[[ Extracted records, beginning ]]

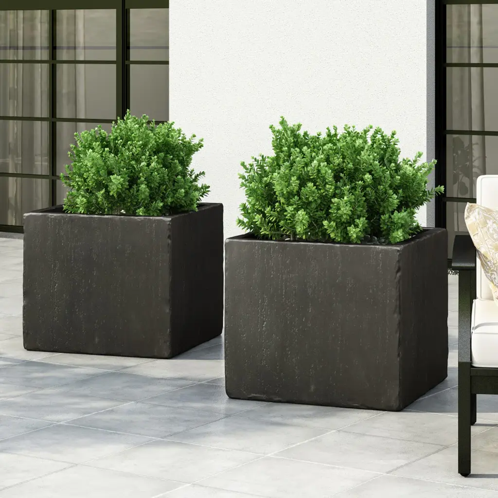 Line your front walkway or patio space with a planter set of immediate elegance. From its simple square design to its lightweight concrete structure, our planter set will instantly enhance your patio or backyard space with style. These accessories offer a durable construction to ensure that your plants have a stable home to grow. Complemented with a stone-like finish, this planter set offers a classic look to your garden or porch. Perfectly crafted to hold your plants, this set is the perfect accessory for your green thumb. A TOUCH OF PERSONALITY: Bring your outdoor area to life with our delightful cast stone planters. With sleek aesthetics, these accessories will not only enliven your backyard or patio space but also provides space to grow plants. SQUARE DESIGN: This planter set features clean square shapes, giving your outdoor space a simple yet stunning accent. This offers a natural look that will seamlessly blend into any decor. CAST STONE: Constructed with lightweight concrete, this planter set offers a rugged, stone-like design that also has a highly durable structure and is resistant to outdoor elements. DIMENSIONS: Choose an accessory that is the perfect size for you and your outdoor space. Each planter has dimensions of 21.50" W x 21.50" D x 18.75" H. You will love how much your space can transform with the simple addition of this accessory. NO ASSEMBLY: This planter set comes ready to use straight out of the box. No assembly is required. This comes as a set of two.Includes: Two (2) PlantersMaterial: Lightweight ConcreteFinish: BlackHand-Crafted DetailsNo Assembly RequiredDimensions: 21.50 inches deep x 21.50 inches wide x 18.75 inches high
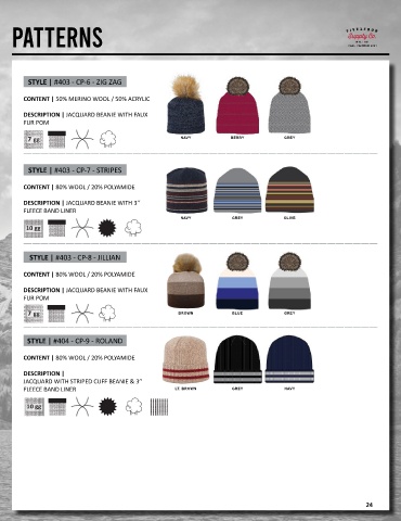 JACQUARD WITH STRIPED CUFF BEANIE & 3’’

[[ Extracted records, end ]]
[[ Extracted records, beginning ]]

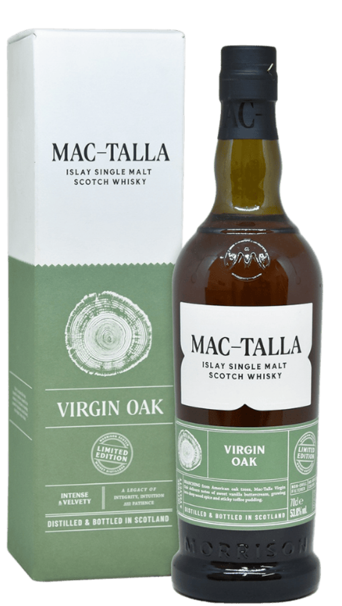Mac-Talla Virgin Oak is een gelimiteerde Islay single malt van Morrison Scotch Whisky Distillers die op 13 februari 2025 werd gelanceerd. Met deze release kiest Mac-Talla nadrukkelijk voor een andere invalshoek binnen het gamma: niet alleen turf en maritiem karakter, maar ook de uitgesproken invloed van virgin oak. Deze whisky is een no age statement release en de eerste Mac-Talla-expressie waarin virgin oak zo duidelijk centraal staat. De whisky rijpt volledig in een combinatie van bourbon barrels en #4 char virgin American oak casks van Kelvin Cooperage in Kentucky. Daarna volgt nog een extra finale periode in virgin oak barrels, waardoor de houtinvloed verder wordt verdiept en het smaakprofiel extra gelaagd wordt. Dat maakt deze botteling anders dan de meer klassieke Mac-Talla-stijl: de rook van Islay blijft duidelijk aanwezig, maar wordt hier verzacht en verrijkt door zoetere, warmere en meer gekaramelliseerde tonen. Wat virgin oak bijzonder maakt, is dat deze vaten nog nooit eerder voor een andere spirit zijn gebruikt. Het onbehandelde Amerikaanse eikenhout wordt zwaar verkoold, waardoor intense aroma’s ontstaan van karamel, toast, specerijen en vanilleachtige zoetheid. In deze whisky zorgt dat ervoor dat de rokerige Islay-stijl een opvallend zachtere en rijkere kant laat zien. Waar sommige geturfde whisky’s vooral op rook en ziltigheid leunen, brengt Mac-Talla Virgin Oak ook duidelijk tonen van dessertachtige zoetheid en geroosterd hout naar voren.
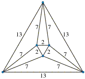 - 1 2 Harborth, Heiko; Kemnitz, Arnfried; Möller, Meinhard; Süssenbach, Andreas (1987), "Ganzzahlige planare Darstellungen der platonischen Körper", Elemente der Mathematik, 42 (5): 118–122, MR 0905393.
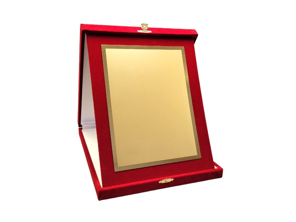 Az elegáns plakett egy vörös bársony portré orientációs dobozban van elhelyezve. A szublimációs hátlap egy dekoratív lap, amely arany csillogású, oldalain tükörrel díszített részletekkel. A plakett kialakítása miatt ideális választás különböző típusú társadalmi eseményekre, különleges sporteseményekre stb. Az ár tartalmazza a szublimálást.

[[ Extracted records, end ]]

* **Work required**:
Start at the line containing "Line your front" above and stop at the line containing "JACQUARD WITH STRIPED CUFF BEANIE & 3’’". Output those lines exactly, both included, but none of the pictures.

* **Response for this exercise**:
 Line your front walkway or patio space with a planter set of immediate elegance. From its simple square design to its lightweight concrete structure, our planter set will instantly enhance your patio or backyard space with style. These accessories offer a durable construction to ensure that your plants have a stable home to grow. Complemented with a stone-like finish, this planter set offers a classic look to your garden or porch. Perfectly crafted to hold your plants, this set is the perfect accessory for your green thumb. A TOUCH OF PERSONALITY: Bring your outdoor area to life with our delightful cast stone planters. With sleek aesthetics, these accessories will not only enliven your backyard or patio space but also provides space to grow plants. SQUARE DESIGN: This planter set features clean square shapes, giving your outdoor space a simple yet stunning accent. This offers a natural look that will seamlessly blend into any decor. CAST STONE: Constructed with lightweight concrete, this planter set offers a rugged, stone-like design that also has a highly durable structure and is resistant to outdoor elements. DIMENSIONS: Choose an accessory that is the perfect size for you and your outdoor space. Each planter has dimensions of 21.50" W x 21.50" D x 18.75" H. You will love how much your space can transform with the simple addition of this accessory. NO ASSEMBLY: This planter set comes ready to use straight out of the box. No assembly is required. This comes as a set of two.Includes: Two (2) PlantersMaterial: Lightweight ConcreteFinish: BlackHand-Crafted DetailsNo Assembly RequiredDimensions: 21.50 inches deep x 21.50 inches wide x 18.75 inches high
 JACQUARD WITH STRIPED CUFF BEANIE & 3’’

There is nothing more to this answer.